Catalyzing Indian Women’s Economic Empowerment

by Charity Troyer Moore, Rohini Pande and Simone Schaner

Figure of female labor force participation and GDP per capita from 1990-2020 in India (line graph)
Credit: Nils Enevoldsen

In 2013, our team of researchers affiliated with Inclusion Economics at Yale University and the Inclusion Economics India Centre (formerly known as EPoD India) began a set of studies to understand Indian women’s economic and social challenges, ranging from limited job opportunities in rural areas to low bank account ownership and financial inclusion, and to restrictive social norms. There were many concerns: Globally, India ranked in the bottom 10 percent of all countries on the basis of gender gaps in economic participation and opportunity.And despite consistent growth in GDP per capita, women’s labor force participation has been declining for over 10 years (see figure).

A decade later, there is much to celebrate: the gender gap in bank account ownership, which was 18 percentage points in 2011, has closed, as over 282 million women opened accounts under the world's largest account-opening initiative.2 Virtually every woman has a digital identity, and many use their own phone – but the use of higher-value functions such as digital financial services lags. Self-help groups,3 which the government initially supported to give women access to small loans, have rapidly expanded their reach and scope over the past decade, now providing a platform for women's broader socioeconomic engagement, with over 90 million women participating. Although informal power structures, especially social norms, still hinder women’s economic activity, their importance in perpetuating gender inequalities is now widely acknowledged. 

Yet, significant gender gaps persist, including in labor force participation; in digital inclusion, where Indian women are still 40 percent less likely than men to access mobile internet;4 and in business ownership and leadership. 

Our research over the past decade has focused on formal and informal power structures that inform women’s economic opportunity and social empowerment, as well as economic, community, and home-based constraints that perpetuate inequality. From Bihar to Chhattisgarh to Madhya Pradesh to Odisha, we’ve collaborated closely with public and private sector stakeholders and citizens from diverse societal backgrounds both men and women. We have analyzed secondary data to highlight emerging trends, worked with policymakers to ensure easy access to administrative data, and collaborated with state and central government partners to conduct process evaluations and large-scale field experiments. We have also ensured that we follow our study populations over longer time periods to track how program impacts influence, and are influenced by, local dynamics. 
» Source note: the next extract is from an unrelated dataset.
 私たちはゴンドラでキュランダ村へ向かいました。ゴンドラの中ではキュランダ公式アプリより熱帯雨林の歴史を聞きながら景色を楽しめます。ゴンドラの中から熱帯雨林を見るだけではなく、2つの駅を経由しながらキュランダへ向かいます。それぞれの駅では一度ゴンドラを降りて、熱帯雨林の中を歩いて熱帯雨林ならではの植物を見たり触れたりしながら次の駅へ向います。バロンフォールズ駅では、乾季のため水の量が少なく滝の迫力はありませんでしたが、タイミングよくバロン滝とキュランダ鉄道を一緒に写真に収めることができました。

Our insights are informed by gender-sensitive diagnostics that combine quantitative data with deep-dive qualitative approaches to understand women’s unique experiences and the demand- and supply-side features that affect women’s labor market activity, digital gender gaps, and access to safety net transfers. We conduct rigorous analysis using “at-scale” randomized controlled trials and quasi-experimental analysis to understand what works to support women and use theory and qualitative insights to understand “the why” behind it. Crucially, we undertake this research in the context of years-long research-policy engagements, working directly with state and private sector counterparts at multiple levels to understand what questions are relevant to decision makers, and to ensure research informs responses to those questions. Our work with the central, state, district and lower levels of government in rural development is an example of this form of collaboration. 

What have we learned through this work, and what critical questions must we answer going ahead given what we know about future challenges for women in India and other LMICs? 
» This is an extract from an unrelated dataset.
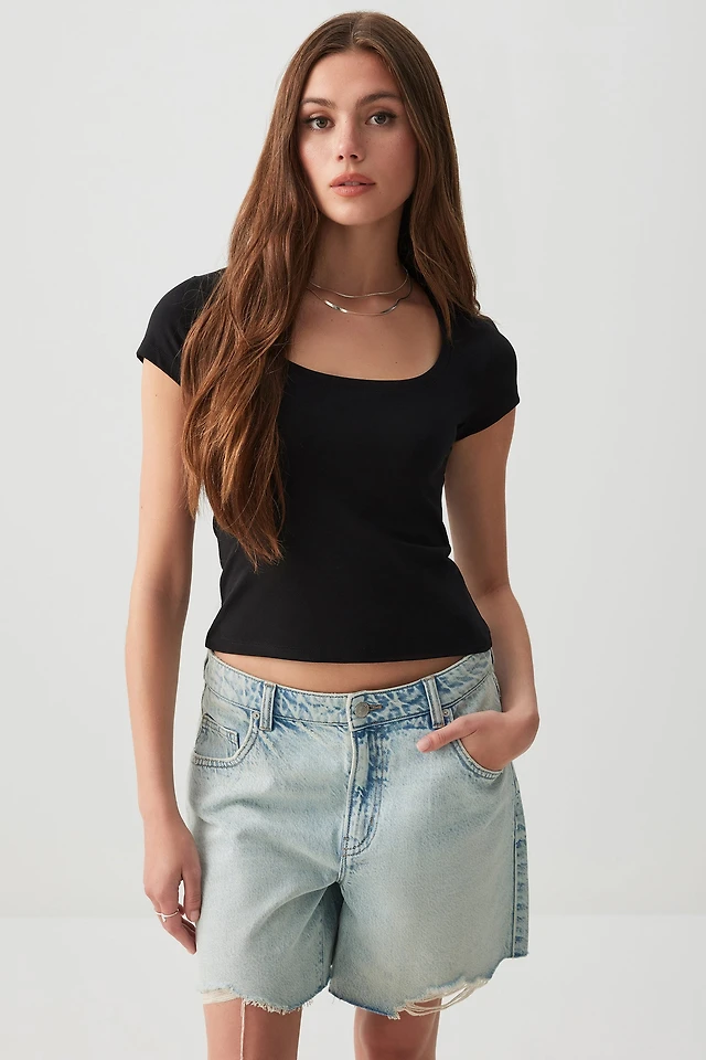 Ardene Basic Short Scoop Neck T-Shirt in | Size | Cotton/Elastane | Eco-Conscious

Two Indian women sitting on carpet looking at a computer.
Photo Credit:  Neeraz Chaturvedi , ShutterStock 

While our research focuses on specific policy levers to help women, it also highlights common building blocks needed for a more gender-equitable future. These include gender-inclusive infrastructure and investing in women’s capabilities, empowering women as change agents, and challenging entrenched power structures. Our research has shown that when policy takes this focus, and is deeply informed by the local context and conducted in the context of long-term research policy engagements, it can transform women’s opportunities, allowing them to flourish and thrive. 

Research-Backed Insights

Here, we describe what we’ve learned about these building blocks from our research over this time, and what can and cannot enact them.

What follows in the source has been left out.